また、図11において、水槽5内の液体6の上面に作用する気圧が、試験管1内の液体に伝わるためには、ピストン8上方の試験管1開口部における圧力が、ピストン8下方の試験管1内の圧力と一致する必要があるから、ピストン8が自由に上下動する必要があると考えられる。しかし、その一方で、試験管1内に封入された液体が漏れないように、ピストン8と試験管1の内壁を摺接させる場合には、試験管1とピストン8の摺動抵抗は無視できない程度に大きいものになると考えられる。さらに、発電機を回すためにクランク9にかかる荷重は、ピストン8の上記自由な上下動を制約することになる。
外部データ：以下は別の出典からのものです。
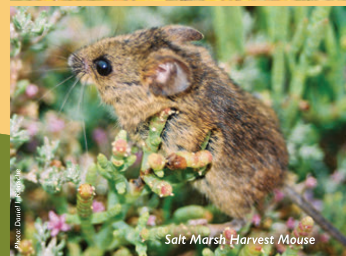
Salt Marsh Harvest Mouse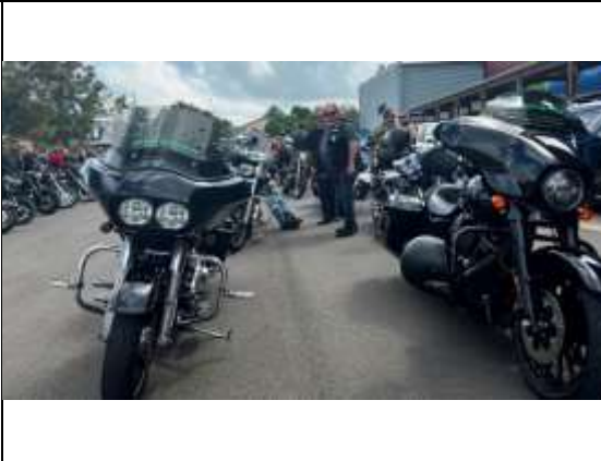
Diggers Military MC Lead out Toy Run 2021 #1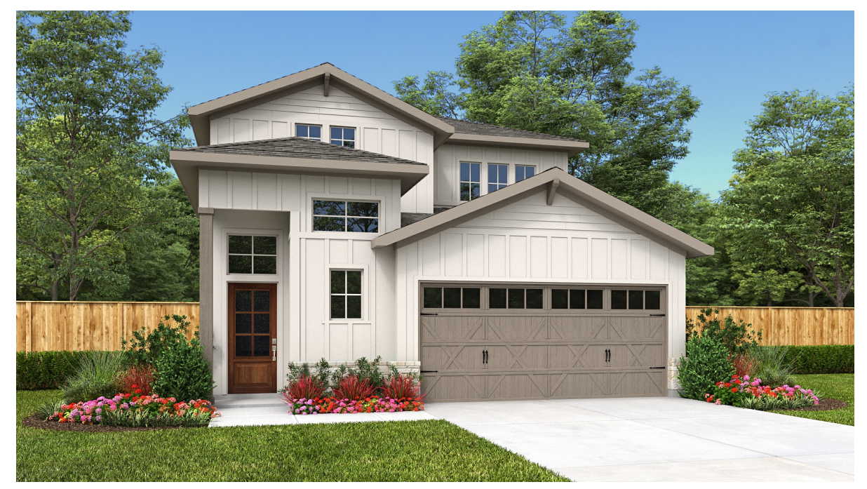
DESIGN 2322E E-1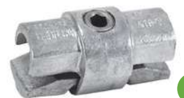
A9 INTERNAL JOINER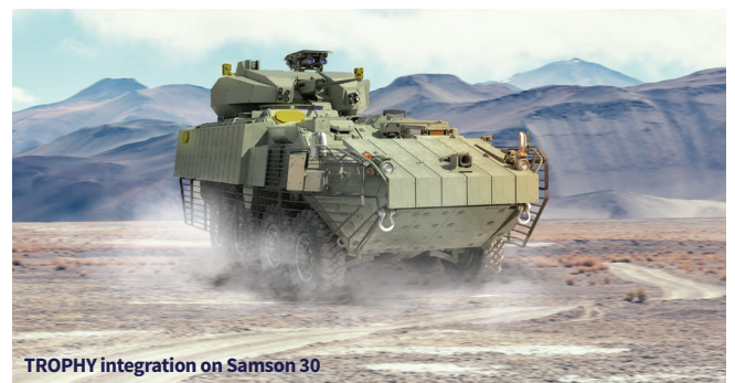
TROPHY integration on Samson 30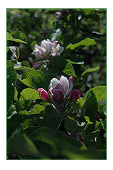
Melrose Apple flowers

This is a deciduous tree with an upright spreading habit of growth. Its average texture blends into the landscape, but can be balanced by one or two finer or coarser trees or shrubs for an effective composition. This is a high maintenance plant that will require regular care and upkeep, and is best pruned in late winter once the threat of extreme cold has passed. Gardeners should be aware of the following characteristic(s) that may warrant special consideration;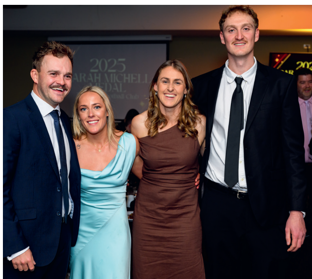
| Womens Coaches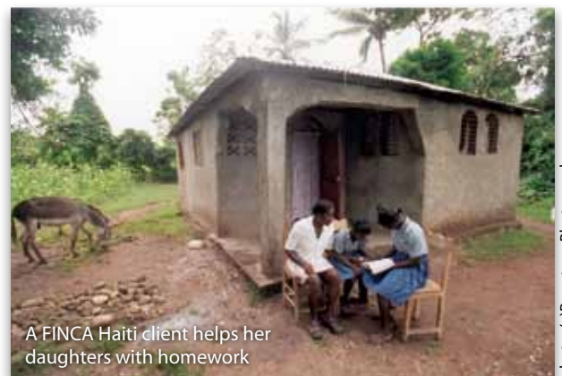
A FINCA Haiti client helps her daughters with homework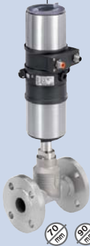
Valve system Continuous ELEMENT Type 8802-GD-I 2301 + 8692 (actuator sizes \varnothing 70/90/130 mm)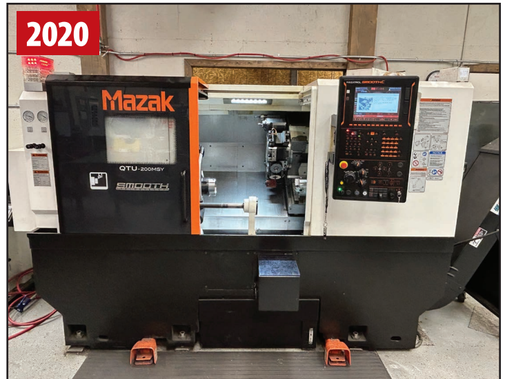
MAZAK QTU-200MSY TURNING CENTER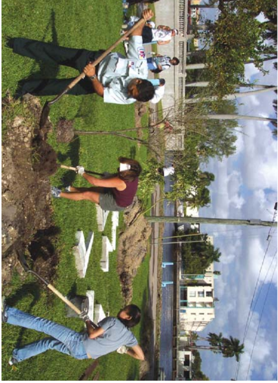
Volunteers from Miami and the Miami River Commission plant trees donated by Carnival Cruise Lines at a pocket park in the historic Grove neighborhood on NW South River Drive and NW 16th Ave.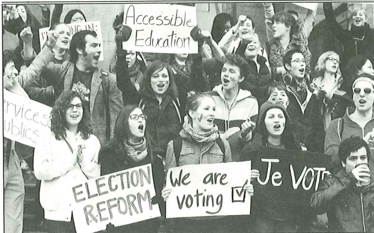
Students at McGill University in Canada gathered in 2011 as part of a “vote mob” to encourage young people to vote in the next election.

According to recent polling by the Pew Research Center, American millennials tend to be in worse economic shape than their parents and grandparents. But they are also more optimistic, more tolerant, more politically liberal, less in favor of smaller government, and less likely to vote.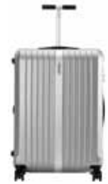
STARK 55 STR 4W 360° VIP Industries Limited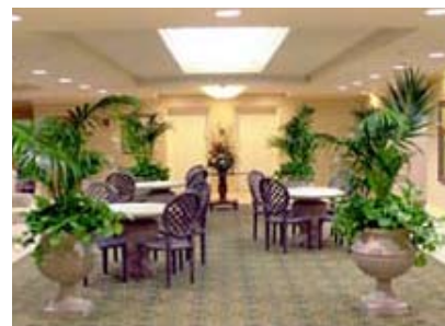
Mediterranean Inn lobby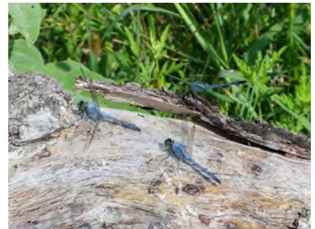
Photo sent by Ron Morrison, 8/18/12: These are some blue dragonflies that followed us a little while we were working on the Creekfield trail.

Checked and set hog traps several times throughout month and repositioned hog traps to Elm Lake Trapped 6 hogs Treated invasive plants on Creekfield Lake and Creekfield Forest Trails, at Viewing Areas Treated Chinese Tallow trees and Poison Ivy at viewing areas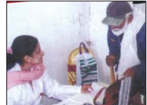
Memon Goth - Mobile Health Ultrasound and MCH Centre (3 activities), Gadap - Primary Health Ultrasound and MCH Centre (3 activities)

We have observed that a large number of poor and needy patients live in slum areas of cities and villages in extremely unhealthy conditions and have neither money nor access to any medical facility. These people suffer from minor ailments and availability of primary healthcare facility will save their lives.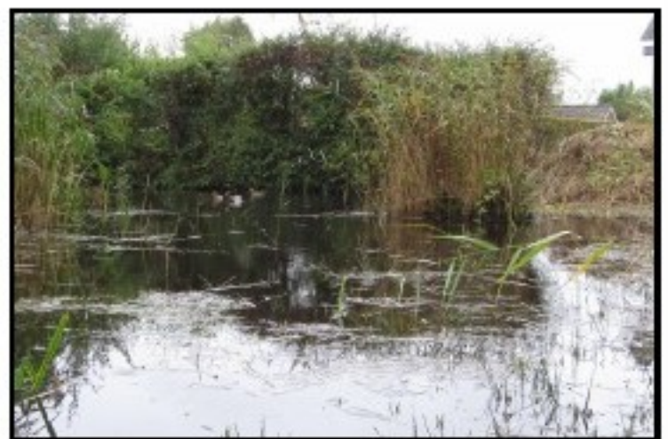
Lingwood Pond after the rain on 6th Oct

At the time of writing, 16th of October, half way through the month I've recorded 122mm or 4.75inches of rain. Added to the heavy rain at the end of September we've had 7.25 inches in the last 25 days, over a quarter of our expected annual rainfall. Despite this we are now only a little above average for the year so far. Time will tell whether we are due for more heavy rain this month. The wettest month I have on my records was June 2007 with 166.7mm.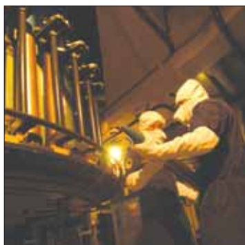
▲ Cover Photo: Picture by 3SG Gerald Neo

そして、上記摺動抵抗と上記荷重に関わらず、どのようにしてピストン8の上記自由な上下動を可能とするかが不明であるから、本願の発明の詳細な説明の記載は、当業者が請求項1に係る発明を実施することができる程度に明確かつ充分に記載したものであるとはいえない。

6.むすび
上記のとおり、本願の明細書の発明の詳細な説明の記載は、当業者がその実施をすることができる程度に明確かつ十分に記載したものでないから、本願は、特許法第36条第4項第1号に規定する要件を満たしておらず、拒絶すべきものである。

よって、結論のとおり審決する。
 
審理終結日 2015-01-30 
結審通知日 2015-02-24 
審決日 2015-03-10 
出願番号 特願2012-289397(P2012-289397)
審決分類 P 1 8・ 536- WZ (F03G)
最終処分 不成立  
前審関与審査官 安井 寿儀  
特許庁審判長 林 茂樹
特許庁審判官 藤原 直欣
中村 達之
発明の名称 気圧のエネルギーと液体の比重を利用し眞空を作り、動力エネルギーを発生させる眞空発電装置。